Postmortem Automation with LLMs, Drafts That Don't Lie

May 23, 2025 · 9 min read · by Muhammad Amal programming

TL;DR — Pull timeline from Slack, PagerDuty, and Argo CD into a structured record, let claude-3.7-sonnet draft only the narrative sections, hard-anchor every claim to a source URL, and never let the model invent a root cause.

The first generation of LLM postmortem tools all made the same mistake. They fed the model a Slack channel transcript and asked for a postmortem. The output was confident, well-written, and frequently wrong about timestamps, cause, and impact. A senior SRE would catch the lies in five minutes, but only after wasting the 30 minutes spent reading them.

The right model is narrower. Treat the postmortem as a structured document with two kinds of fields: timeline data (objective, pulled from systems) and narrative data (subjective, drafted by the model from the timeline data). The model never authors the timeline. It only writes prose that’s traceable back to a structured entry. Every paragraph the model produces has a footnote pointing to a Slack permalink, an Argo CD revision, or a PagerDuty event ID.
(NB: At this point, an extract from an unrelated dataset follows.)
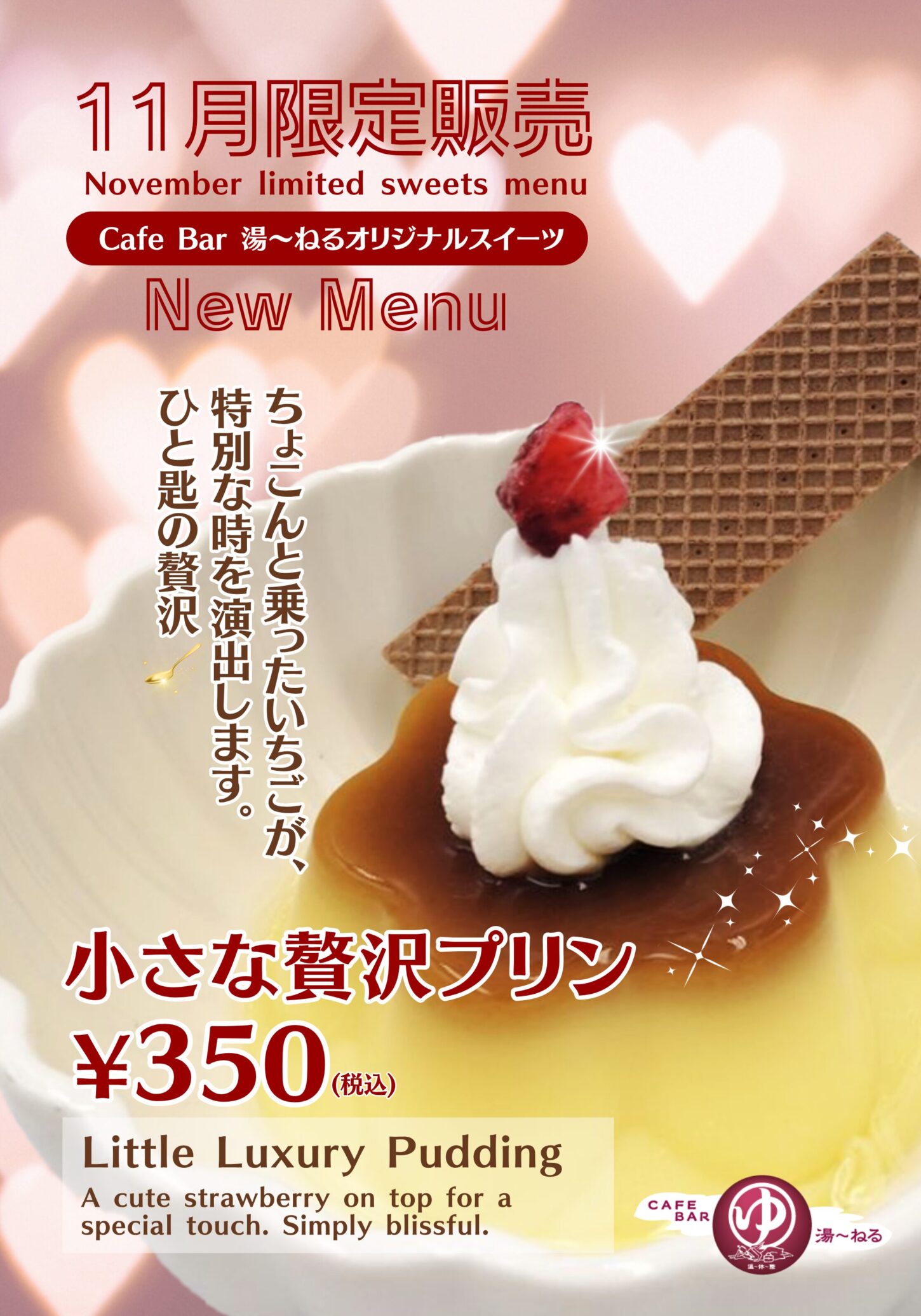 11月新メニュースイーツ 2025.10.31 毎月恒例のcafe bar湯~ねるの新メニュースイーツ「小さな贅沢プリン」をご紹介! ちょこんと乗ったいちごが、特別な時を演出します。ひと匙の贅沢🥄♪ ぜひこの機会にご賞味ください!

The result is a draft that takes the on-call from a blank page to a 30-minute review. They edit the prose, fix the model’s interpretation, and ship the postmortem. They don’t waste time arguing with hallucinated facts.

1. The Postmortem Schema

Treat the postmortem as YAML first. Markdown is the rendering, not the source of truth.

# schema/postmortem.yaml
incident_id: PD-12345
title: "Checkout 5xx spike, 14 May 2025"
status: draft  # draft | review | published
severity: sev2
window:
  detected_at: 2025-05-14T14:23:11Z
  acknowledged_at: 2025-05-14T14:24:02Z
  resolved_at: 2025-05-14T15:07:33Z
impact:
  users_affected: "approximately 2.1% of checkout requests"
  duration_minutes: 44
  revenue_estimate_usd: 8400
timeline:
  - at: 2025-05-14T14:23:11Z
    source: pagerduty
    source_url: https://acme.pagerduty.com/incidents/Q5...
    event: "PagerDuty incident triggered: CheckoutP99Latency"
  - at: 2025-05-14T14:18:00Z
    source: argocd
    source_url: https://argocd.acme.com/applications/checkout?revision=a3f...
    event: "Argo CD synced checkout to a3f1c9 (PR #4421)"
  - at: 2025-05-14T14:25:42Z
    source: slack
    source_url: https://acme.slack.com/archives/C12/p17158...
    event: "Alice: rolling back to previous revision"
narrative:
  summary: null  # to be drafted
  what_happened: null
  why_it_happened: null
  what_we_did: null
  what_we_learned: null
action_items: []

The model only writes into narrative. It never touches timeline, window, or impact. Those are facts.

2. Pulling the Timeline

Three sources matter for most incidents: Slack, PagerDuty, and the deploy system. Pull from all three with parallel async calls.

# timeline/collect.py
import asyncio
import httpx
from datetime import datetime, timedelta

async def collect_timeline(pd_incident_id: str) -> list[dict]:
    pd = await fetch_pagerduty(pd_incident_id)
    window_start = pd["created_at"] - timedelta(minutes=15)
    window_end = (pd["resolved_at"] or datetime.utcnow()) + timedelta(minutes=15)
    channel = pd["custom_details"].get("slack_channel")
    affected_services = pd["custom_details"].get("services", [])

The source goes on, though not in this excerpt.